Solving the Mysteries of Quantum Mechanics: Why Nature Abhors a Continuum

TL;DR

RaQM replaces the continuum complex Hilbert space with a gravity-induced, discretised Riemann Sphere, defining i constructively as a permutation/negation operator on L-bit strings. By enforcing rationality constraints via Niven’s theorem and the Impossible Triangle Corollary, RaQM attributes quantum mysteries to the limitations of exact rational bases, producing a holistic, nonlocal-free account of interference, complementarity, uncertainty, and non-commutativity. The framework reproduces QM correlations in many regimes while offering testable differences at extreme scales, and it provides a natural justification for using complex-like structure without committing to the full continuum of $\\mathbb{C}$. This approach ties the foundations of quantum theory to gravity and p-adic geometry, suggesting that holism, rather than nonlocality, underpins the quantum world and that complex numbers reflect the indivisibility of quantum states.
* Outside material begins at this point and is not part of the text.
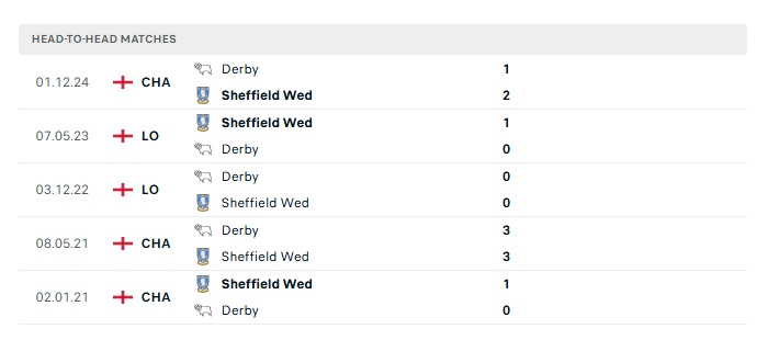 Lịch sử đối đầu Sheffield Wed. vs Derby County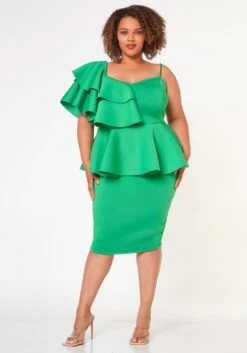 Plus Size Ruffle Peplum Midi Dress

The discretised, gappy Hilbert space thus offers a route to unifying quantum and gravitational physics, with tangible implications for future experiments on large-scale quantum devices.

Abstract

Feynman famously asserted that interference is the only real mystery in quantum mechanics (QM). It is concluded that the reason for this mystery, and thereby the related mysteries of complementarity, non-commutativity of observables, the uncertainty principle and violation of Bell's equality, is that the axioms of QM depend vitally on the continuum nature of Hilbert Space, deemed unphysical. We develop a theory of quantum physics - Rational Quantum Mechanics (RaQM) - in which Hilbert Space is gravitationally discretised. The key to solving the mysteries of QM in RaQM is a number-theoretic property of the cosine function, concealed in QM when angles range over the continuum. This number-theoretic property describes mathematically the utter indivisibility of the quantum world and implies that the laws of physics are profoundly holistic. We contrast holism with nonlocality. In theories which embrace the continuum, the violation of Bell's inequality requires the laws of physics to be either nonlocal or not realistic; both incomprehensible concepts. By contrast, holism, as embodied in Mach's Principle or in the fractal geometry of a chaotic attractor, is neither incomprehensible nor unphysical. As part of this, we solve the deepest mystery of all; why nature makes use of complex numbers.

Figures (5)

• Figure 1: An impossible spherical triangle, where the cosine of the angular length of each side of the triangle on the unit sphere is rational, and the internal angles are rational in degrees. The Impossible Triangle Corollary (to Niven's Theorem) provides the basis for understanding the mysteries of QM.
• Figure 2: In RaQM, the Uncertainty Principle $\Delta S_x \Delta S_y \ge \frac{\hbar}{2} \overline S_z$ for a single qubit arises from the trigonometry of spherical triangles and the correspondence between points on the discretised Riemann sphere with coordinates satisfying the rationality conditions and corresponding bit strings.
• Figure 3: A spin-$1/2$ quantum system is prepared 'up' by Stern-Gerlach device $SG_A$. The spin-up output of $SG_A$ is fed into device $SG_B$ and the spin-up output of $SG_B$ is fed into $SG_C$. The experimenter is free to choose the nominal orientations of these apparatuses as they like. However, according to the rationality constraints (\ref{['ratSG2']}), Niven's Theorem prevents the simultaneous counterfactual world where $SG_B$ and $SG_C$ are swapped from having a well-defined measurement outcome.
• Figure 4: a) The discretised Riemann Sphere at $L=2$, represented as four 2-bit strings on a complete great circle at $\phi=0,\pi$ through the poles. b) A schematic illustration of how to construct the discretised Riemann Sphere for $L=4$, again on the great circle through $\phi=0,\pi$, from two $L=2$ great circles as in a). See the text for details. This also illustrates the construction of an $L=2^M$ discretised Riemann Sphere on the great circle at $\phi=0, \pi$, from two $L/2$-bit discretised great circles.
• Figure 5: The full 3D discretised Riemann Sphere for $L=4$ - where, consistent with quaternionic structure (see text), rotation about the polar axes corresponding to a cyclic permutation of the 4-bit strings.